Des études montrent que les antidépresseurs contribuent à améliorer la qualité de vie, à réduire les jours de maladie et à augmenter la productivité. Un facteur important à cet égard est l’observance thérapeutique du patient. L’inobservance thérapeutique est cependant 3 fois plus fréquente chez les personnes souffrant de dépression. Seuls 19 % des patients poursuivent le traitement durant la période minimale recommandée de 6 mois (indépendamment de la classe de médicaments). L’initiation d'un traitement antidépresseur est donc aussi un moment crucial. Un accompagnement adéquat du patient par le pharmacien lors de l'initiation d'un antidépresseur est essentiel.
Par ailleurs, les effets indésirables sont un obstacle majeur à l'utilisation des antidépresseurs.

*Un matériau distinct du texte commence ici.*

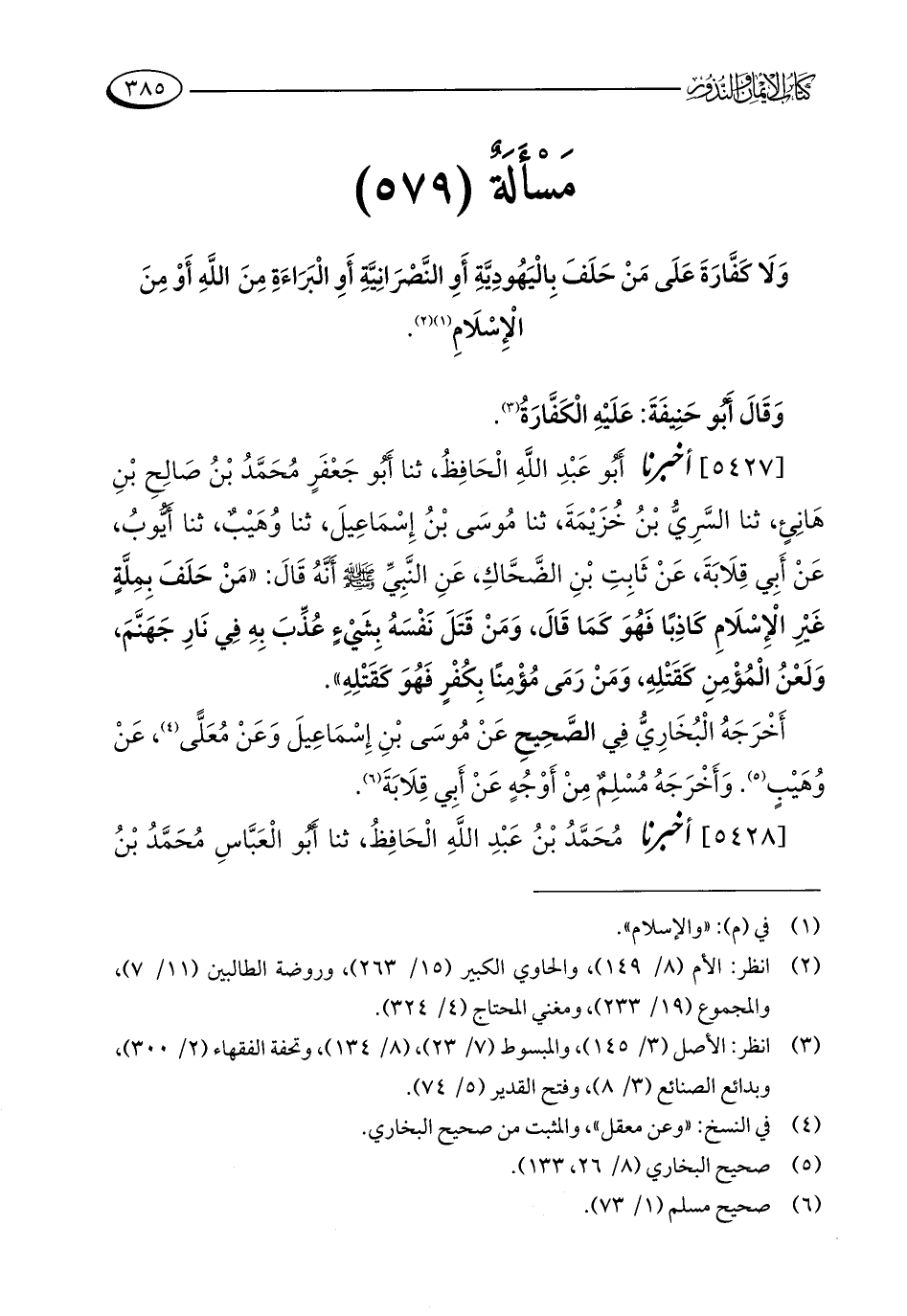 [5427] أخبرنا أَبُو عَبْدِ اللَّهِ الْحَافِظُ، ثنا أَبُو جَعْفَرٍ مُحَمَّدُ بْنُ صَالِحِ بْنِ هَانِئٍ، ثنا السَّرِيُّ بْنُ خُزَيْمَةَ، ثنا مُوسَى بْنُ إِسْمَاعِيلَ، ثنا وُهَيْبٌ، ثنا أَيُّوبُ، عَنْ أَبِي قِلَابَةَ، عَنْ ثَابِتِ بْنِ الضَّحَّاكِ، عَنِ النَّبِيِّ - صلى الله عليه وسلم - أَنَّهُ قَالَ: "مَنْ حَلَفَ بِمِلَّةٍ غَيْرِ الْإِسْلَامِ كَاذِبًا فَهُوَ كَمَا قَالَ، وَمَنْ قَتَلَ نَفْسَهُ بِشَيْءٍ عُذِّبَ بِهِ فِي نَارِ جَهَنَّمَ، وَلَعْنُ الْمُؤْمِنِ كَقَتْلِهِ، وَمَنْ رَمَى مُؤْمِنًا بِكُفْرٍ فَهُوَ كَقَتْلِهِ".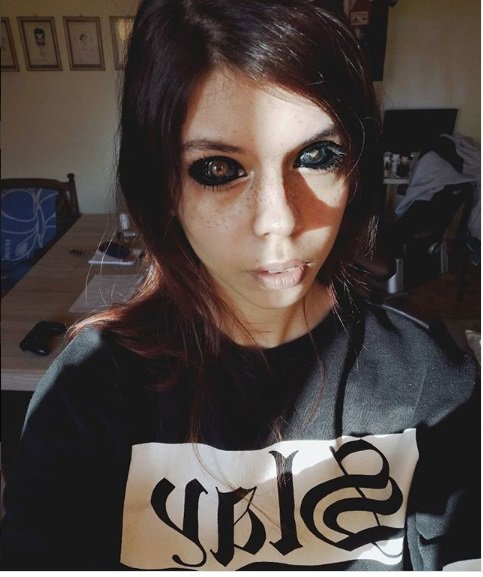 The model known as Aleksandra Sadwoska who lives in the city of Wroclaw in Western Poland engaged the services of a tattooist to dye her eyeballs black so she can have her eyes looking the same as rapper Popek according to online reports.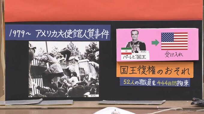 そして、その怒りが爆発したのが1979年、宗教指導者ホメイニ師が主導した「イラン革命」でした。その直後に起きたのが「アメリカ大使館人質事件」です。革命により再び国を追われた「パーレビ国王」をアメリカが受け入れたため、復権を恐れた学生らが引き渡しを求めて大使館を占拠。52人の職員を444日間もの間、拘束しました。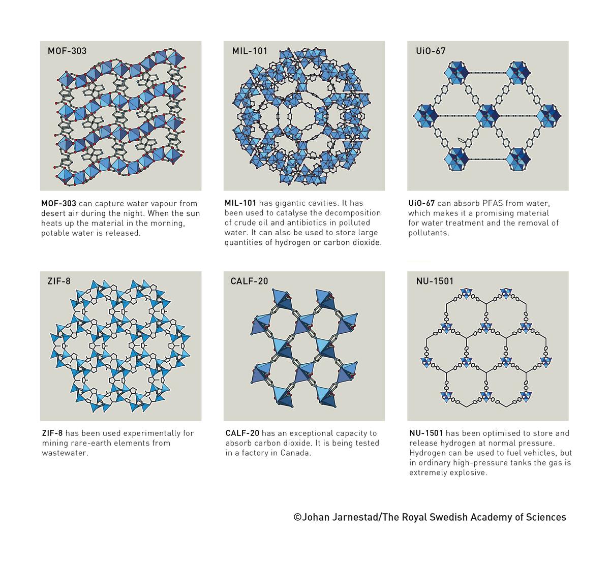 The Nobel Prize laureates in chemistry 2025 have created molecular constructions with large spaces through which gases and other chemicals can flow. These constructions, metal-organic frameworks, can be used to harvest water from desert air, capture carbon dioxide, store toxic gases or catalyse chemical reactions.

Une bonne communication à ce sujet est également essentielle (voir plus loin).
Phytothérapie
Selon les directives existantes, l'utilisation de la phytothérapie (comme par exemple le millepertuis) n'est pas formellement recommandée en raison des incertitudes qui subsistent quant à l’efficacité, au principe actif, au dosage, aux effets indésirables et aux interactions avec d'autres médicaments. Il convient toutefois d'interroger le patient sur l'utilisation de produits en vente libre tels que la passiflore, la valériane, etc.